** Opening INFORMATION PROVIDED block **
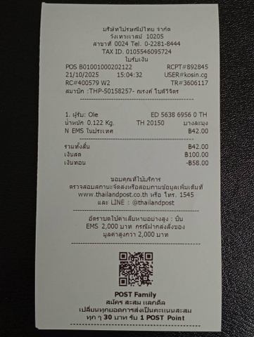 แจ้งเลขพัสดุจัดส่งEMS
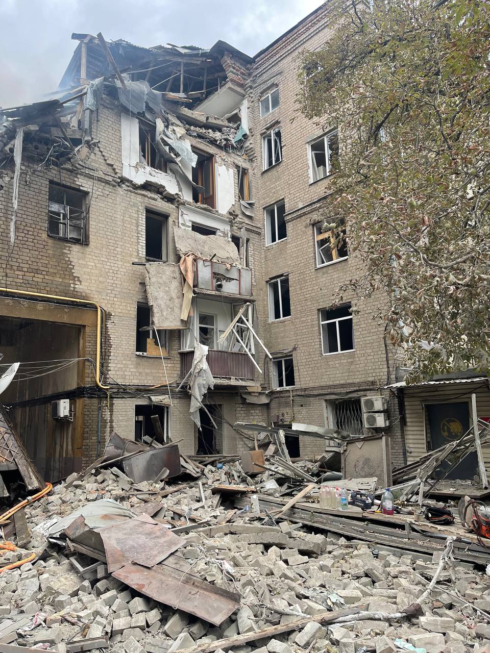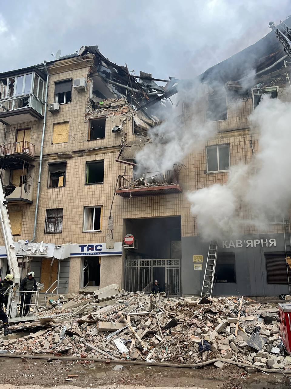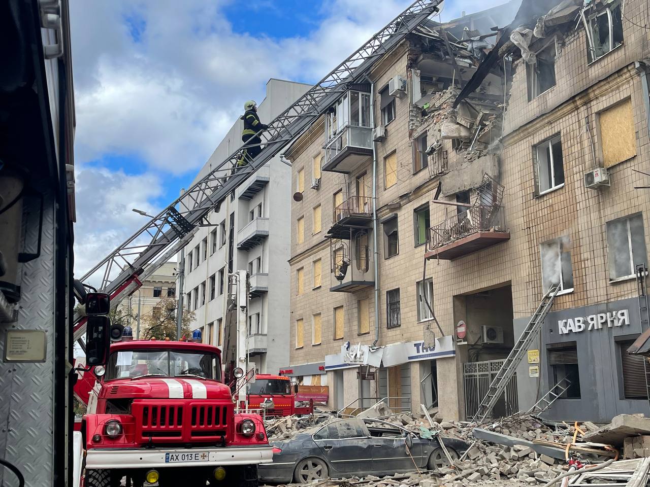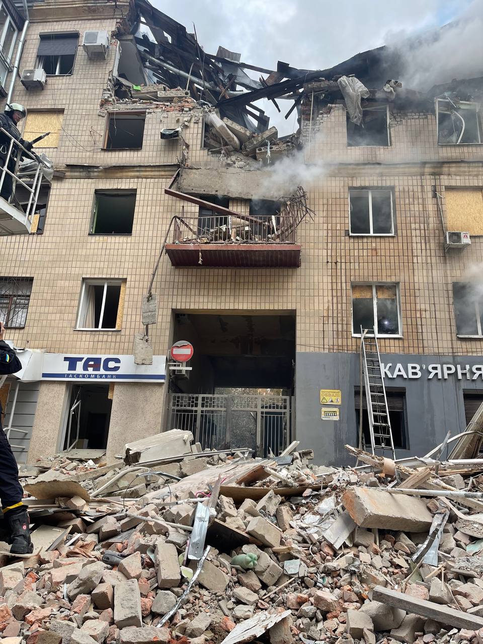“В історичному центрі Харкова стався обстріл. П’ятиповерхова будівля частково зруйнована. Під бетонними уламками виникла пожежа. Звичайним способом згасити полум’я немає можливості – заважають плити. Ми розбиваємо капітальні стіни для того, щоб подати пожежні стволи до джерела займання. Внаслідок влучення ракети один із під’їздів п’ятиповерхового будинку зруйнований від даху до самого підвалу. Це історичний центр Харкова, звичайний будинок, у якому мешкали мирні люди”, – розповів кореспонденту Newsroom Анатолій Торяник.
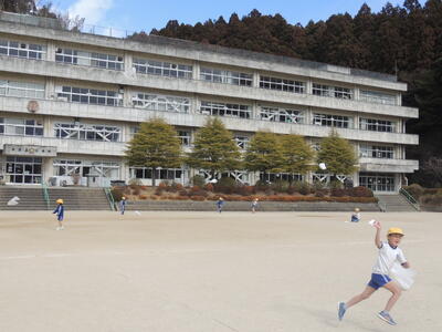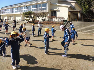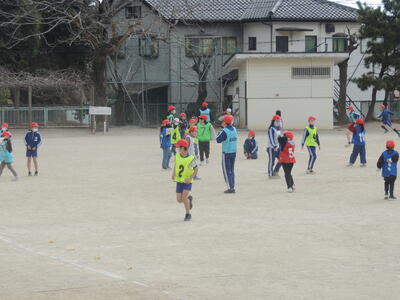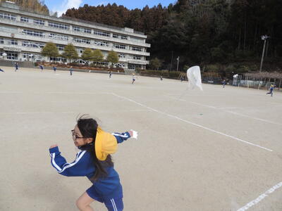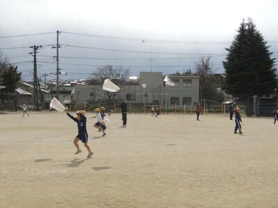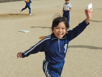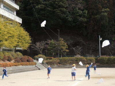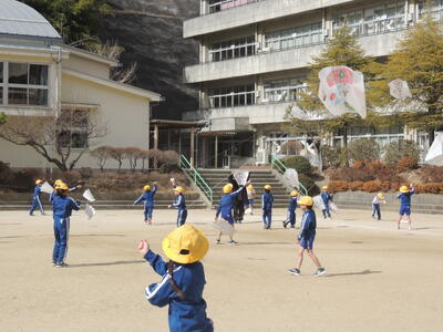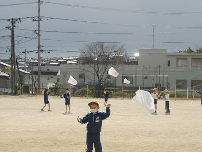 1年生が生活科「ふゆをたのしもう」の学習で、「たこあげ」を行っています。5日(木)の4校時は1年2組と3組が元気にたこあげを行いました。
** Closing INFORMATION PROVIDED block **
**DIRECTIONS:** Leaving every picture out, write out exactly the lines from the beginning of the listing above to the line with "Newsroom Анатолій Торяник.", inclusive.

**WRITTEN REPLY:**
 แจ้งเลขพัสดุจัดส่งEMS
“В історичному центрі Харкова стався обстріл. П’ятиповерхова будівля частково зруйнована. Під бетонними уламками виникла пожежа. Звичайним способом згасити полум’я немає можливості – заважають плити. Ми розбиваємо капітальні стіни для того, щоб подати пожежні стволи до джерела займання. Внаслідок влучення ракети один із під’їздів п’ятиповерхового будинку зруйнований від даху до самого підвалу. Це історичний центр Харкова, звичайний будинок, у якому мешкали мирні люди”, – розповів кореспонденту Newsroom Анатолій Торяник.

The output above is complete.